The term "and/or" means when used to connect two or more selectable items, it is understood to mean any one of the selectable items or any two or more of the selectable items.

The terms "comprises" or "comprising" are intended to include the recited element, integer or step, but not to exclude any other element, integer or step. In this document, the terms "comprises" or "comprising" when used herein, unless otherwise indicated, also encompass the instances of the recited elements, integers, or steps in combination. For example, when referring to an antibody variable region "comprising" a particular sequence, it is also intended to encompass antibody variable regions consisting of that particular sequence.

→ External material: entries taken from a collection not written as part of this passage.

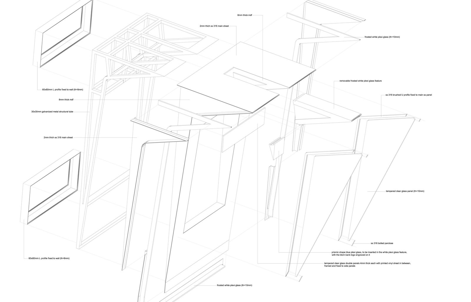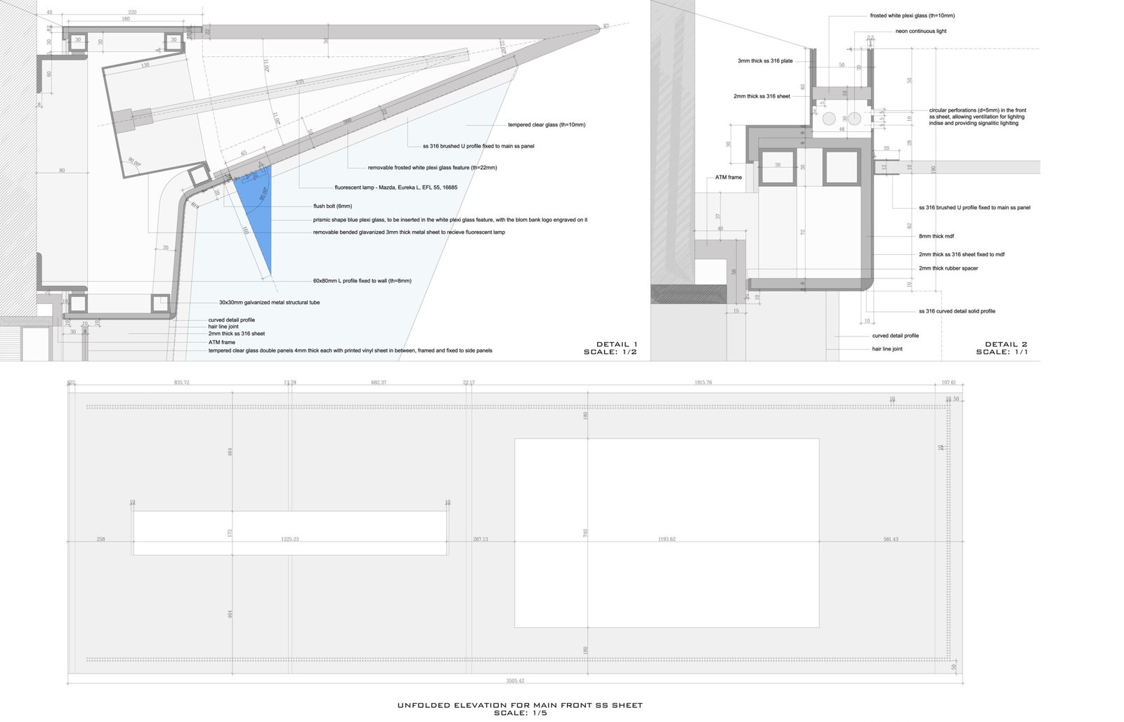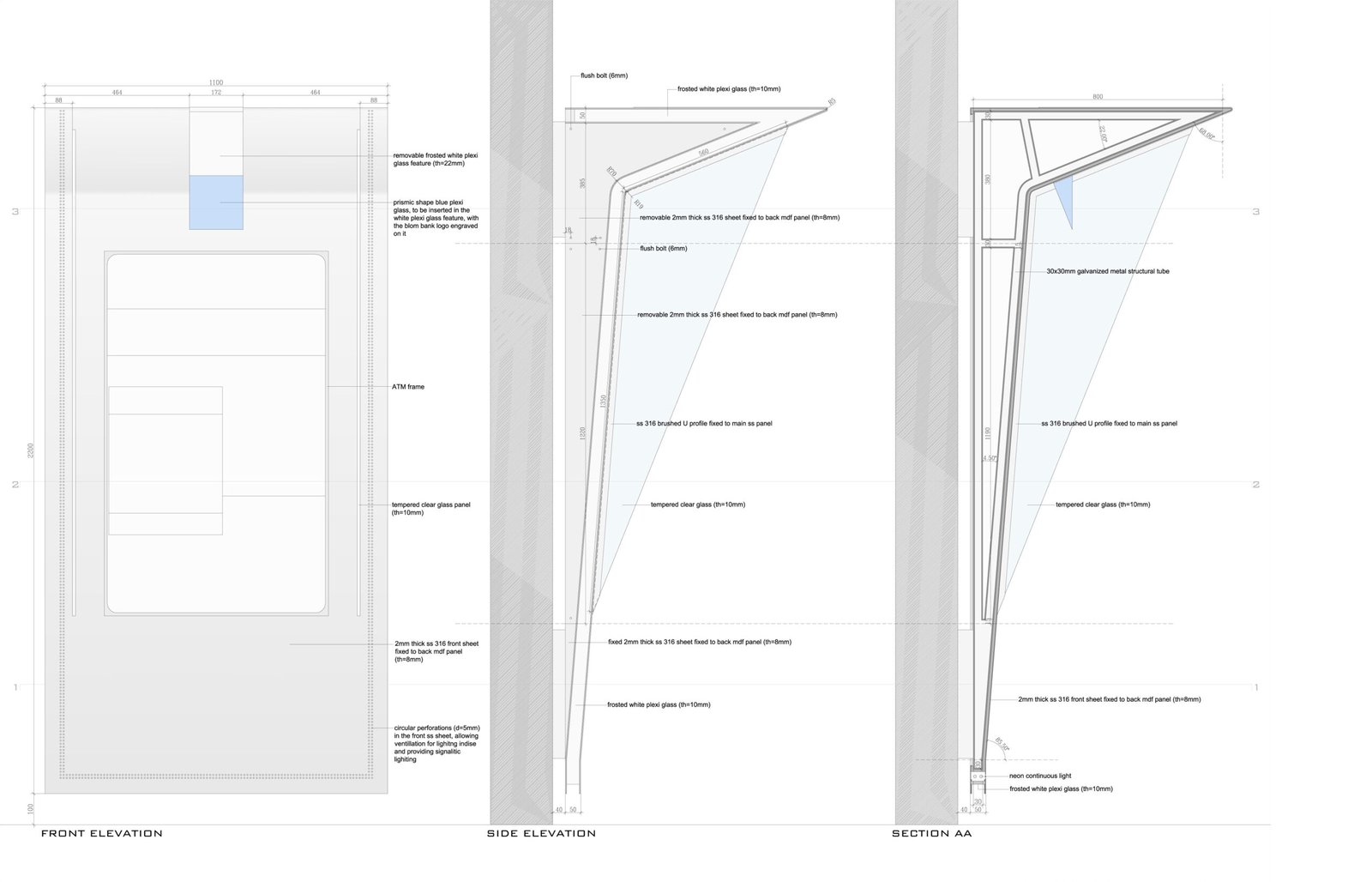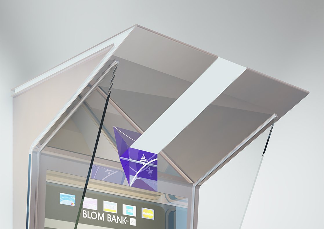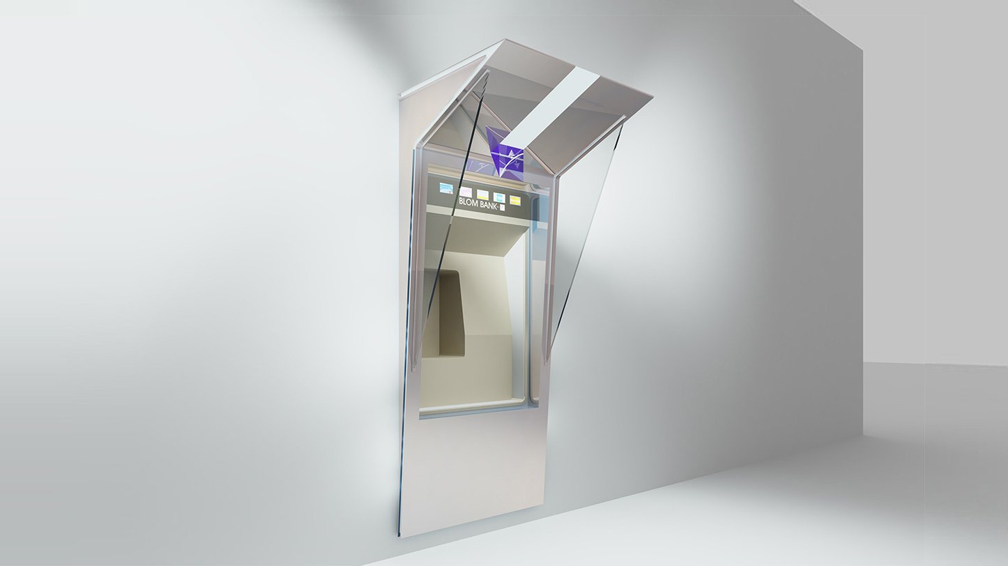 The wall mounted cash dispenser follows the shape of the building. The S.S enclosure has lighting on front canopy, and two strip lights on both canopy sides, making it a highly visible billboard for cash. Two glass side panels provide privacy, without blocking the light.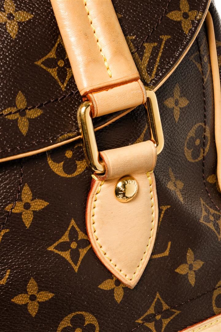 One Louis Vuitton Brown Beverly GM Shoulder Bag. Item is sold AS-IS. All available information is listed in the description and shown in the photo. Louis Vuitton Brown Monogram Beverly GM Shoulder Bag with material monogram canvas, gold-tone hardware, tan vachetta leather trim, top handle, leather shoulder strap, and zipper closure.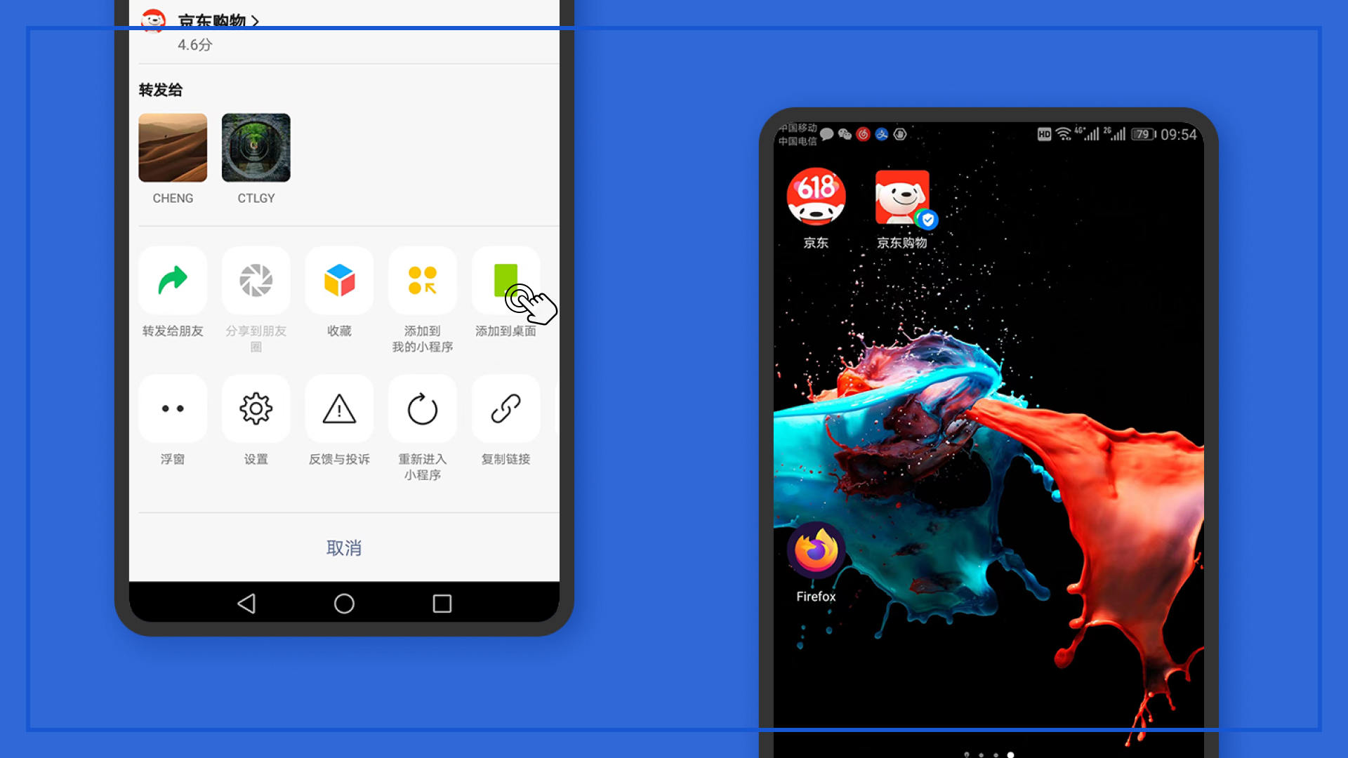 Android phone users can create a shortcut for mini-program on the desktop. Like an APP, the shortcut allows users to quickly access the applet and go back to the desktop after exit. This is a real "use it and go" operation without the need to enter WeChat's mini-program section.

Wild-type "interleukin-2" or "IL-2" as used herein refers to a parent IL-2 protein, preferably a naturally occurring IL-2 protein, e.g. a natural IL-2 protein derived from human, mouse, rat, non-human primate, including unprocessed (e.g. without removal of signal peptide) and processed (e.g. with removal of signal peptide) forms, as a template for introducing a mutation or combination of mutations of the invention. A full length native human IL-2 sequence comprising the signal peptide is shown in SEQ ID NO. 41 and the sequence of its mature protein is shown in SEQ ID NO. 39. Furthermore, the expression also includes naturally occurring IL-2 allelic variants and splice variants, isoforms, homologs, and species homologs. The expression also includes variants of native IL-2, e.g., the variants may have at least 95% -99% or more identity to native IL-2 or have no more than 1-10 or 1-5 amino acid mutations (e.g., conservative substitutions), and preferably have substantially the same IL-2rα binding affinity and/or IL2rβγ binding affinity as the native IL-2 protein. Thus, in some embodiments, wild-type IL-2 may comprise amino acid mutations that do not affect its binding to the IL-2 receptor as compared to the native IL-2 protein, e.g., the native human IL-2 protein (uniprot: P60568) having the mutation C125S introduced at position 125, belongs to the wild-type IL-2 of the invention. An example of a wild-type human IL-2 protein comprising a C125S mutation is shown in SEQ ID NO. 42. In some embodiments, the wild-type IL-2 sequence may have at least 85%, 95%, even at least 96%, 97%, 98%, or 99% or more amino acid sequence identity to the amino acid sequence of SEQ ID NO. 1 or 2 or 3.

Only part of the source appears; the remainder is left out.